▶ Exercise goal
In the entries below, find the line with "Horní rohová kuchyňská" and transcribe it and every line after it exactly, through the last line, without pictures.

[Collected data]
━━━━
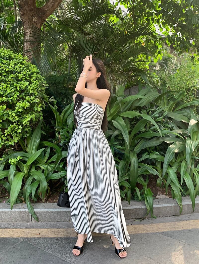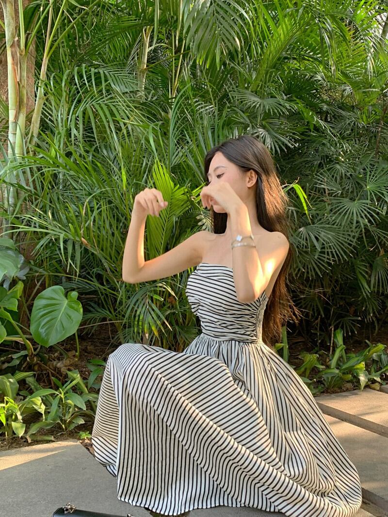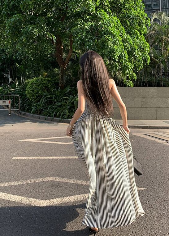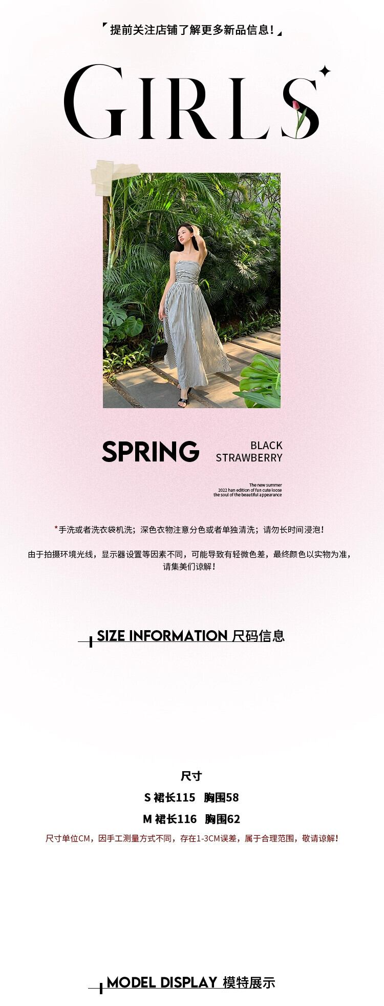 スパイスプリーツ黒と白のストライプのチューブトップドレス女性の夏のウエストハイウエストシーサイドロングスカートオープンバックaラインスカート ハイウェスト ホワイト ブラック サマー 夏物 bstraw47810681056 | beaute25
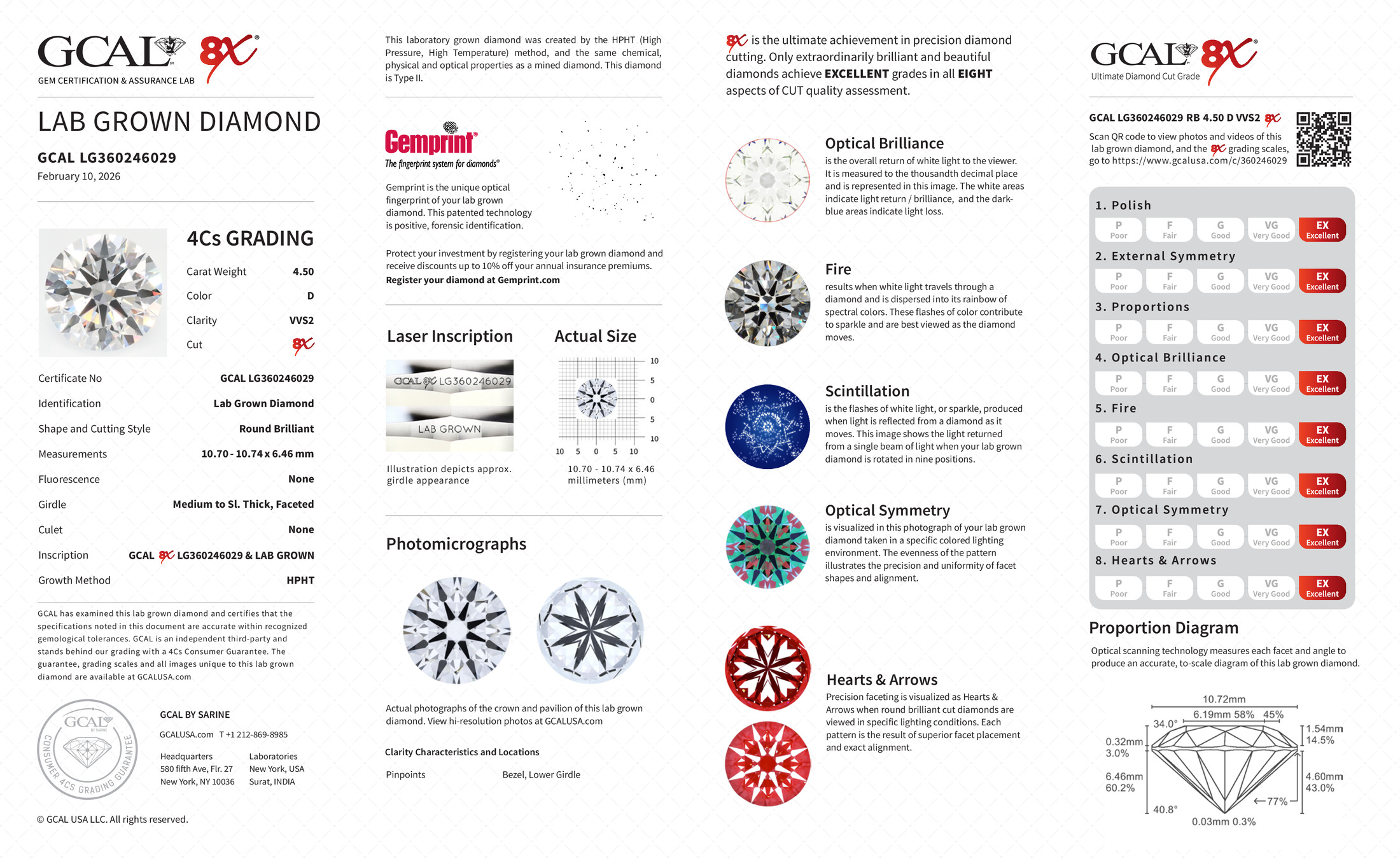 The GCAL certificate (#360246029) is an independent grading report that verifies this diamond's carat weight, color, clarity, cut, and other physical properties. It serves as a trusted third-party guarantee of the stone's quality. Always verify the certificate number on the issuing lab's website before purchasing.
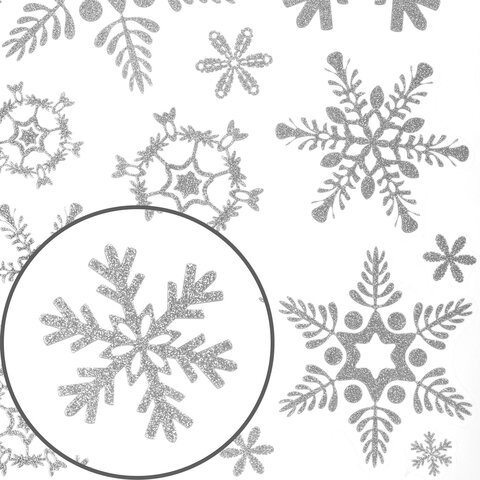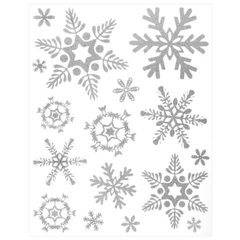Комплект наклеек с изображением снежинок изготовлен из поливинилхлорида (ПВХ). Каждый лист с наклейками размером 30x38 см декорирован серебристым глиттером. В комплекте 4 листа, на каждом – 16 снежинок.
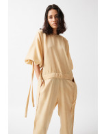 The Kimono Top: Top featuring wide sleeves with drawstring at each bottom: wear them wide open or closed, to create a balloon effect. Removable waist-belt to tighten the top and mark the waistline. A play of falling laces gives movement to this elegant top.
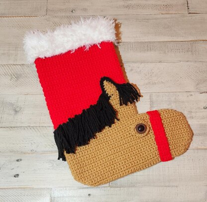 Crochet a special Christmas stocking for the horse lover in your family. This adorable horse Christmas stocking can be customized using the colors of your own horse or the horse you would like to have. Do your kiddos dream of getting a horse for Christmas? This is the stocking for them! This easy crochet pattern uses worsted weight yarn with a size H (5.0 mm) hook. If making for a child under 3 years old, you can embroider on the eyes instead of using plastic eyes.
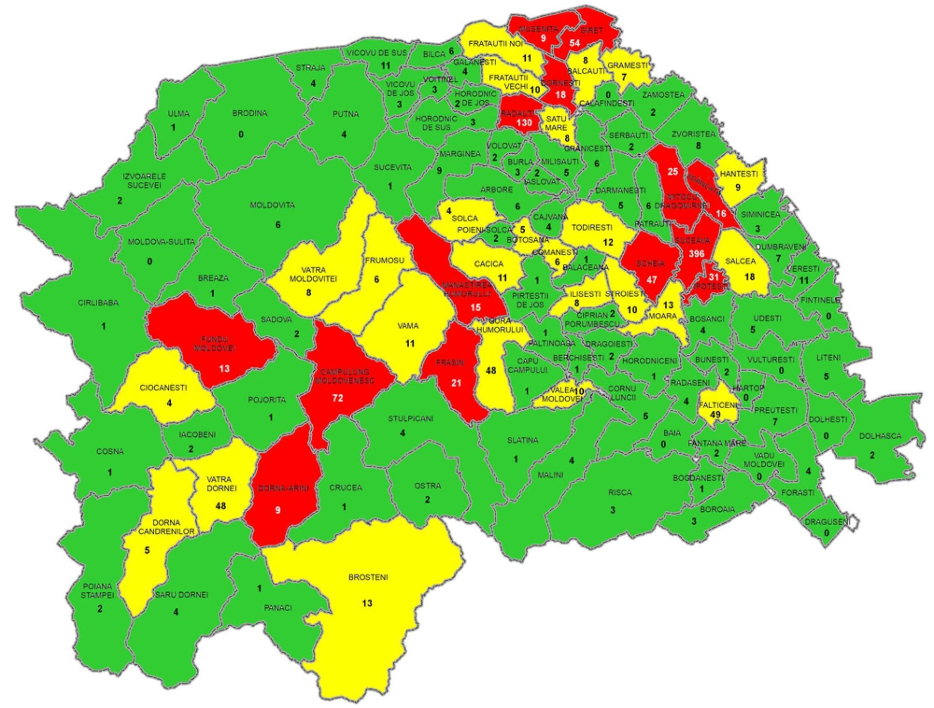 Județul Suceava are 14 localități în zona roșie, din punct de vedere al numărului de cazuri active de infectare cu noul coronavirus. Cele mai multe sunt în municipiul Suceava – 396 de cazuri în evoluție, apoi în Rădăuți, cu 130 de cazuri, Câmpulung Moldovenesc, cu 72 de cazuri, Siret, cu 54 de cazuri, și Șcheia, cu 47 de cazuri în evoluție. Urmează Ipotești – cu 31 de cazuri, Mitocu Dragomirnei – 25 de cazuri, Frasin – 21 de cazuri, Dornești – 18 cazuri, Adâncata – 16 cazuri, Mănăstirea Humorului – 15 cazuri, Fundu Moldovei – 13 cazuri, Dorna Arini și Mușenița – câte 9 cazuri în evoluție.
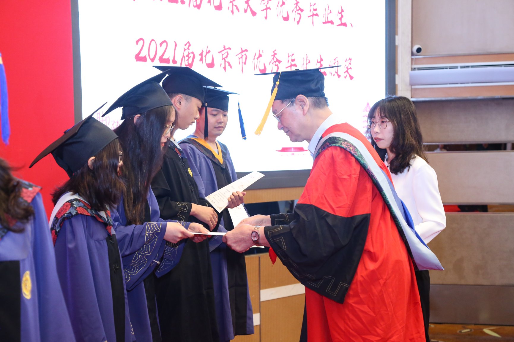 优秀毕业生和2021届北京市优秀毕业生名单后,陈运泰院士、涂传诒院士分别为优秀毕业生颁奖并合影留念。
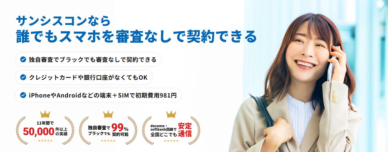 サンシスコンは、「クレジットカード・銀行口座がなくてもスマホを持てる」「携帯ブラック・金融ブラックでも契約可能」といった特徴を前面に打ち出すレンタル携帯・格安SIMサービスです。特に「既存の携帯キャリア審査で断られた」「支払い実績に不安がある」といった方にも門戸を広げており、通常のキャリアでは契約が難しい状況にある人たちにとって頼れる選択肢となっています。
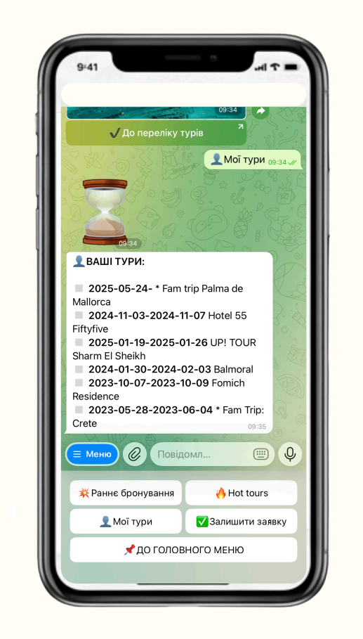 The "My Tours" section automatically pulls data from All-Inclusive CRM, allowing tourists to view their travel history, bonuses, and much more at any time:
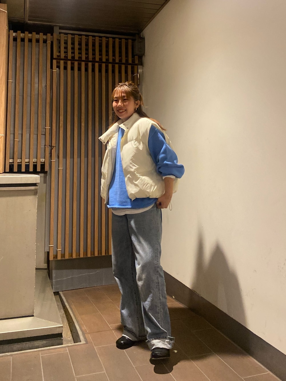 ☑︎ダウンベストコーデ 今年も引き続きトレンドのダウンベストをカラーで合わせてとことんカジュアルに合わせました☑︎🩵 【アウター】 ボリューム感が可愛い中綿ベスト🐻❄️ とにかく軽くて可愛い!!! 丈間もスッキリめなのでボリュームはしっかりありますが、低身長さんでもバランスとって頂きやすいです🙆🏼♀️アームホールも広めなのでスウェット、ニットごわつかずに着て頂けます🤝🏼今年、ダウンベストはマストアイテムです☑︎🩷 【ニット】 毎年大人気のニット🧶♡ 今季のカラーバリエーションも本当に可愛く何枚も持ってても間違いなしのアイテムです🪞インスタイルが苦手な方でも裾のデザインが可愛いので、そのまま着て頂いてもバランスとりやすくなっております🧺スカート合わせもオススメです☑︎ 【パンツ】 大胆なリメイクデザインが特徴的なデニムです👖🤎ずっと大人気のデニムデザイン!🪞フロントがアシメになってて足長効果抜群!バックスタイルもとにかく可愛いです☑︎ 153cmで24インチを着用していて、フラットサンダルで少しもたつく丈感です!裾をロールアップしても可愛いので気になる方は少し折り返して頂くとスッキリ履いて頂けます🙆🏼♀️ 【ブーツ】 まるみのあるトゥがポイントのブーツ カジュアルなムードにどんなコーデにも合わせて頂きやすいです🙆🏼♀️
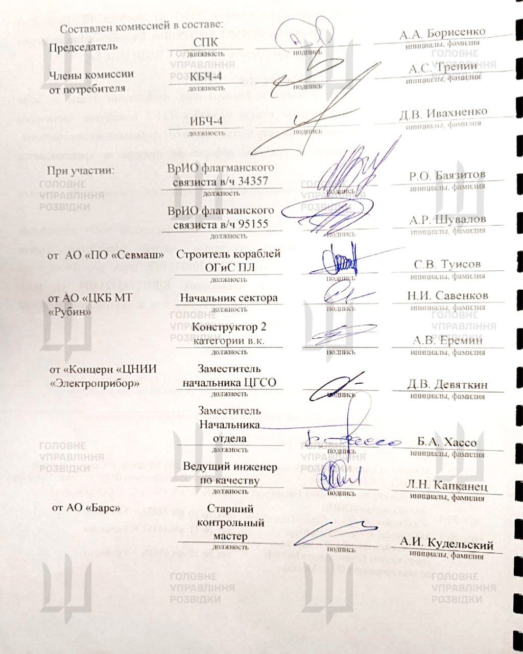 - инженерная документация, в частности акт исследования деформированного радиобуя с указанием членов комиссии и предприятий, участвовавших в исследовании.
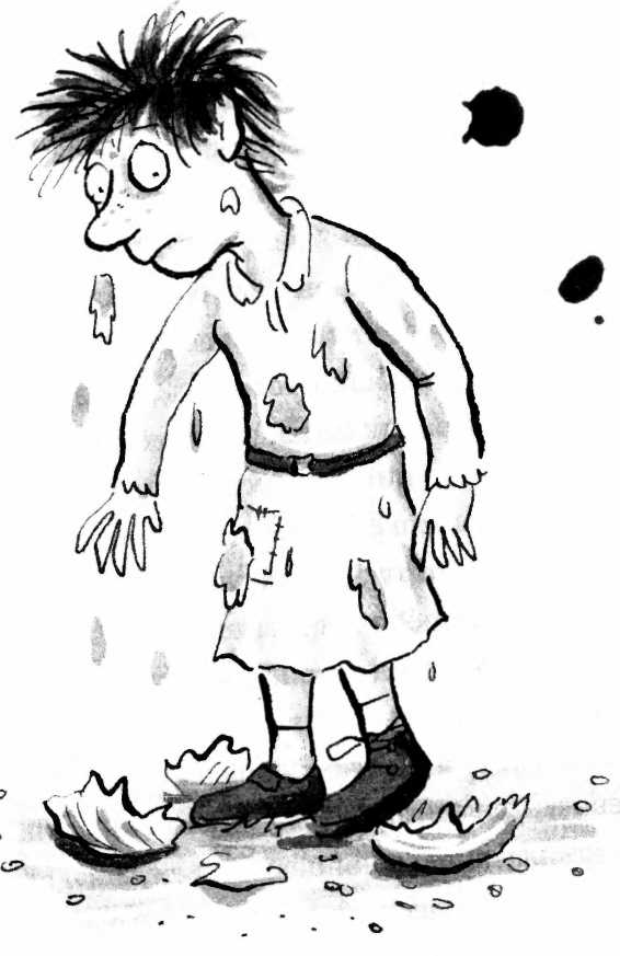 Дети забежали в фургон, и Лучик подхватил одну дыню. Он распахнул дверь, и навстречу ему вылетела большая ступня мистера Ворчуна. Дыня в руках Лучика попала под удар и с хлюпающим звуком взорвалась фонтаном сладкой мякоти, забрызгав мальчика с головы до ног. Теперь он выглядел так, будто на него чихнул великан с ОГРОМНЫМ носом.
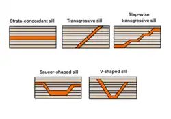En fonction de leur forme et de leur concordance avec la roche encaissante, les sills peuvent être classés en cinq types différents, en se basant sur les données recueillies sur le terrain[28],[29]. Il s'agit de sills concordants en strates, de sills transgressifs, de sills transgressifs en gradins, de sills en forme de soucoupe, de sills en forme de V et de sills hybrides[28],[29]. Les sills à strates concordantes sont la représentation classique d'un sill. Ils se développent tout du long en suivant la stratification de la roche encaissante et se trouvent souvent dans les parties les plus profondes de la croûte supérieure[29]. Des filons-couches transgressifs traversent et se propagent obliquement dans les couches supérieures par rapport à la roche encaissante, montrant des caractéristiques discordantes[29]. Les sills transgressifs par étapes sont similaires aux sills transgressifs, mais ils se caractérisent par une alternance de segments concordants et discordants, créant une forme en escalier[29]. Les appuis en forme de soucoupe ont un appui central concordant inférieur et deux appuis transgressifs extérieurs supérieurs qui s'aplatissent aux extrémités[29]. Ils ont généralement un sill intérieur plus épais et plus mince vers l'extérieur[29]. Les appuis en forme de V ressemblent quelque peu aux appuis en forme de soucoupe, mais ils ont une partie intérieure plus courte. Les sills hybrides présentent des caractéristiques mixtes des sills mentionnés ci-dessus[29].
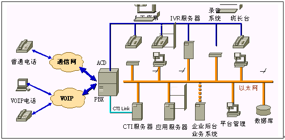 ·PBX/ACD:實(shí)現(xiàn)電話呼入、呼出和話務(wù)管理等功能,提供自動(dòng)排隊(duì)機(jī)系統(tǒng),實(shí)現(xiàn)對(duì)來(lái)話的均衡分配
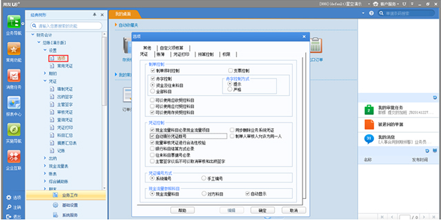 在选项中设置是否填补凭证断号,是否允许制单审核为同一人等
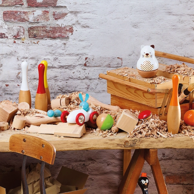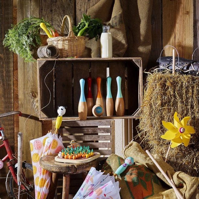 Odkryj klasyczną zabawę w nowoczesnym wydaniu. Drewniane kręgle VILAC z lakierowanego drewna wyróżniają się wysoką jakością wykonania, ponadczasowym designem i łatwą przenośnością dzięki bawełnianemu woreczkowi. Idealne do rodzinnej gry i treningu celności.
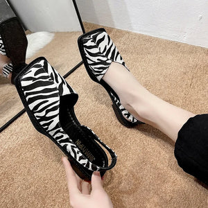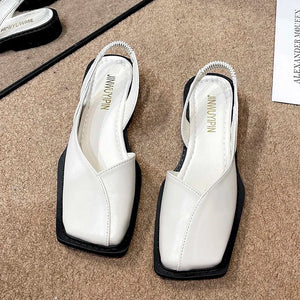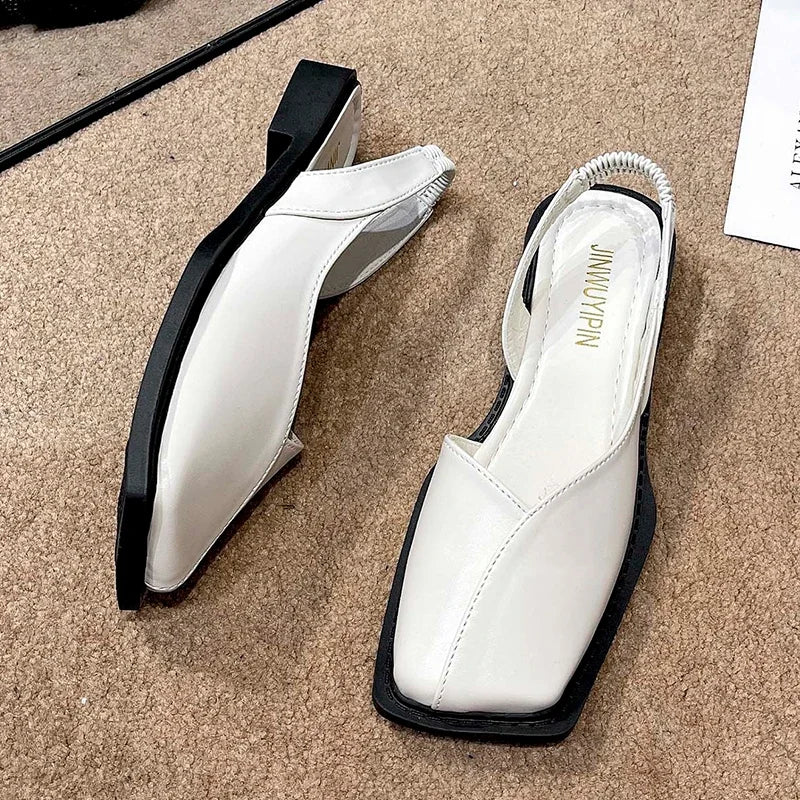 2023 Summer Elegant Ladies Sandals Fashion Ladies Elastic Band Flat Heel Women Shallow Party Shoes Square Heel 35-40 Square Toe
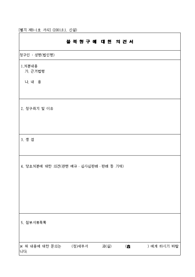 9,000원/월제6호 불복청구에 대한 의견서 (2001.8.1. 신설)
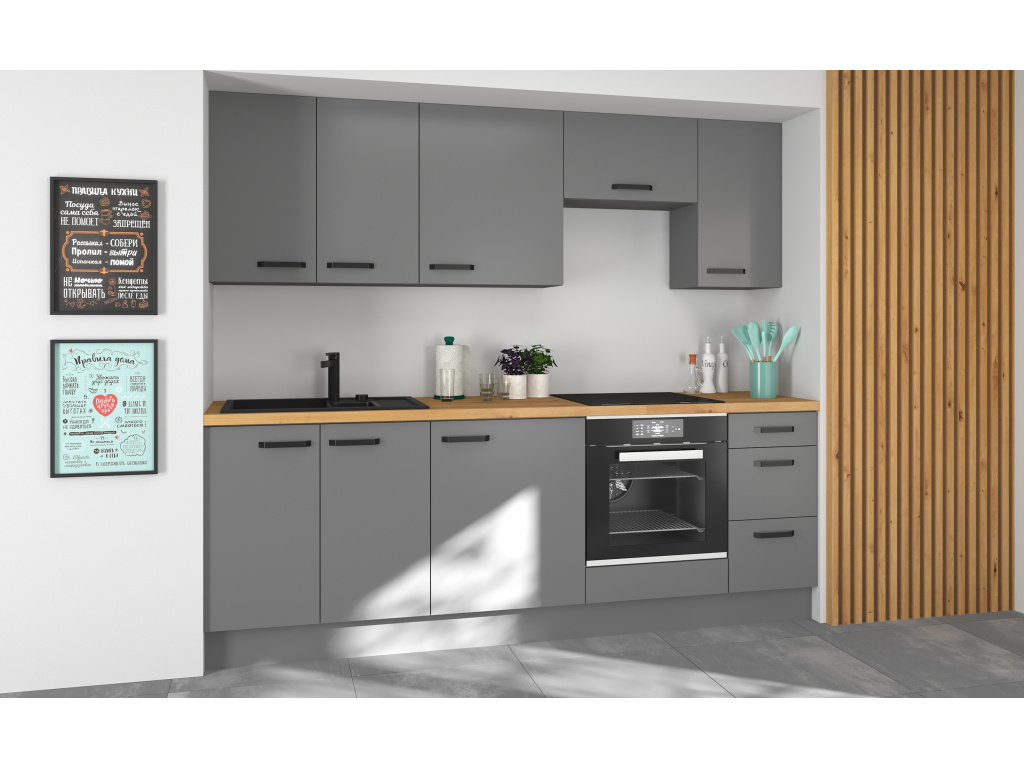 Horní rohová kuchyňská skříňka NESSA ANT 60x60 cm s výškou 107,5 cm a šikmým čelem v úhlu 45° je ideálním řešením pro maximální využití rohového prostoru ve vyšších kuchyňských sestavách. Vyrobena z kvalitní laminované desky o tloušťce 16 mm v moderním antracitovém dekoru, který je opatřen melaminem a zakončen odolnými ABS hranami. Skříňka je vybavena jedněmi dvířky s kovovou úchytkou o rozteči 160 mm a systémem tlumeného dovírání pro tichý a pohodlný provoz. Díky praktickému tvaru usnadňuje přístup k uloženým věcem a plynule navazuje na sousední horní skříňky. NESSA ANT je stylovou a funkční volbou pro moderní kuchyně s důrazem na detail i prostorovou efektivitu.
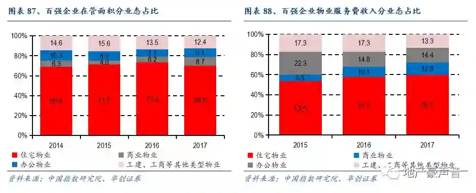 分业态来看,2017年,百强企业在管面积中,住宅物业占比69.9%,较2016年下降3.3pct,商业物业、办公物业、工建、工商等其它类型物业分别占比8.7%、9.1%、12.4%,较2016年分别+2.5pct、+2.0pct、-1.1pct。在住宅物业总量快速提升阶段,商办和工建物业仍保持占比稳定甚至提升,多种业态全面发展。
━━━━
▶ Task result
 Horní rohová kuchyňská skříňka NESSA ANT 60x60 cm s výškou 107,5 cm a šikmým čelem v úhlu 45° je ideálním řešením pro maximální využití rohového prostoru ve vyšších kuchyňských sestavách. Vyrobena z kvalitní laminované desky o tloušťce 16 mm v moderním antracitovém dekoru, který je opatřen melaminem a zakončen odolnými ABS hranami. Skříňka je vybavena jedněmi dvířky s kovovou úchytkou o rozteči 160 mm a systémem tlumeného dovírání pro tichý a pohodlný provoz. Díky praktickému tvaru usnadňuje přístup k uloženým věcem a plynule navazuje na sousední horní skříňky. NESSA ANT je stylovou a funkční volbou pro moderní kuchyně s důrazem na detail i prostorovou efektivitu.
 分业态来看,2017年,百强企业在管面积中,住宅物业占比69.9%,较2016年下降3.3pct,商业物业、办公物业、工建、工商等其它类型物业分别占比8.7%、9.1%、12.4%,较2016年分别+2.5pct、+2.0pct、-1.1pct。在住宅物业总量快速提升阶段,商办和工建物业仍保持占比稳定甚至提升,多种业态全面发展。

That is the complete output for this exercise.